Statistical analysis
Data are given as mean values ± SD, with n denoting the number of independent samples within one treatment group. In each experiment 15–20 embryoid bodies were analyzed. Statistical analysis was performed by one way ANOVA, followed by adjusted t tests with P values corrected by the Bonferroni method. A value of P < 0.05 was considered significant.

RESULTS

Stimulation of cardiovascular differentiation of ES cells by mechanical strain
ES cell-derived embryoid bodies differentiate within 8 d toward the cardiovascular cell lineage. The underlying molecular mechanisms are thus far unknown but may include physical stimuli. In the present study, 4-day-old undifferentiated embryoid bodies outgrown on flexible membranes were subjected for 2 h to mechanical strain resulting in 5%, 10%, and 20% extension of the membranes. Following further 4 d in cell culture, the formation of capillary-like structures was evaluated on day 8 of cell culture by quantification of cell areas staining positive for the endothelial cell-specific marker PECAM-1 (Fig. 1 ). Extension of the flexible membranes by either 5, 10, 15, or 20% resulted in an increase of the capillary area to 159 ± 16%, 207 ± 28%, 150 ± 20%, and 105 + 15%, respectively (n=6) (control set to 100%), which clearly indicates that mechanical strain stimulates vasculogenesis/angiogenesis in ES cells.

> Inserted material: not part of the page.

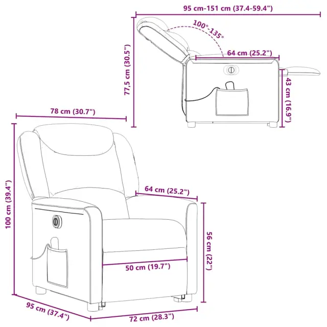 • Funkcija električnega nagiba: Ta naslanjač je opremljen tudi z električnim motorjem, ki pomaga samodejno nastaviti naslon za noge in naslonjalo za hrbet v poljuben položaj glede na vaše udobje s preprostim pritiskom na gumb na strani stola. Ta funkcija omogoča največji nagib 135 stopinj. Poleg tega se lahko naslonjalo z enostavnim pritiskom na gumb samodejno vrne na prvotno mesto.

View larger version (37K): [in this window] [in a new window]   Figure 1. Stimulation of vasculogenesis/angiogenesis after application of static mechanical strain to ES cell-derived embryoid bodies. Embryoid bodies were treated on day 4 for 2 h with mechanical strain resulting in extension of the flexible membrane to 5, 10, 15, and 20%. On day 8 of cell culture, the tissues were fixed and stained for PECAM-1. The areas of PECAM-1-positive capillary-like structures were analyzed by the use of the image analysis software of the confocal setup. The images show representative PECAM-1 staining in control (a), 5% (b), 10% (c), 15% (d), and 20% (e) strain-treated embryoid bodies. The graph gives the means ± SD of 6 independent experiments. The bar represents 200 µm. *P < 0.05, significantly different from the untreated control.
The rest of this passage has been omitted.